Understanding the brain mechanisms underlying early mild cognitive impairment (MCI) in PD is important because it could help in identifying a target group for treatment.5 In this study, we explored the association between cortical thickness and cognition in patients with newly diagnosed, untreated PD. We hypothesized that (1) patients with PD-MCI would have more cortical atrophy compared to patients with normal cognition (PD-CN); (2) cognitive domains subserved by the temporoparietal cortex would be associated with cortical thinning in these regions, whereas executive and attentional impairment would be associated with frontal thinning or no structural changes; and (3) semantic fluency and verbal encoding would correlate with posterior cortical thinning, consistent with research showing that semantic fluency deficits predict dementia3,4 and memory deficits are due to an encoding rather than retrieval impairment in early PD.6
METHODS
Participants.
All subjects included in this study were enrolled in the Parkinson’s Progression Markers Initiative (PPMI) (2011)7 (accessed in March 2013), an observational, multicenter study designed to identify PD progression biomarkers.

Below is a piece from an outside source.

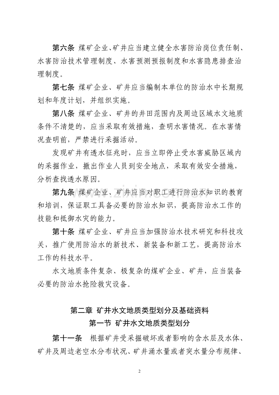第二条 煤矿企业(矿井)、有关单位的防治水工作,适用本规定。

Only subjects with an MRI volume acquired on a 3-tesla Siemens scanner with similar acquisition parameters, which passed quality control before and after image preprocessing, were included in this study.8
At baseline, patients were required to meet standard diagnostic criteria for PD, have been diagnosed within 2 years, and to be untreated for PD. In addition, all subjects underwent dopamine transporter imaging, and a significant dopamine transporter deficit was required for neurobiological confirmation of a PD diagnosis. Inclusion criteria for healthy controls consisted of not having neurologic dysfunction, no first-degree family member with PD, and a Montreal Cognitive Assessment (MoCA) score >26. Psychiatric assessment included the 15-item Geriatric Depression Scale.9 Motor severity assessed by part III of the Movement Disorders Society (MDS) Unified Parkinson's Disease Rating Scale (UPDRS),10 disease stage by Hoehn and Yahr scale (1967),11 and disability by Schwab and England scale12 were obtained for patients.
Standard protocol approvals, registrations, and patient consents.
Each participating PPMI site (1) received approval from an ethical standards committee on human experimentation before study initiation, and (2) obtained written informed consent for research from all individuals participating in the study.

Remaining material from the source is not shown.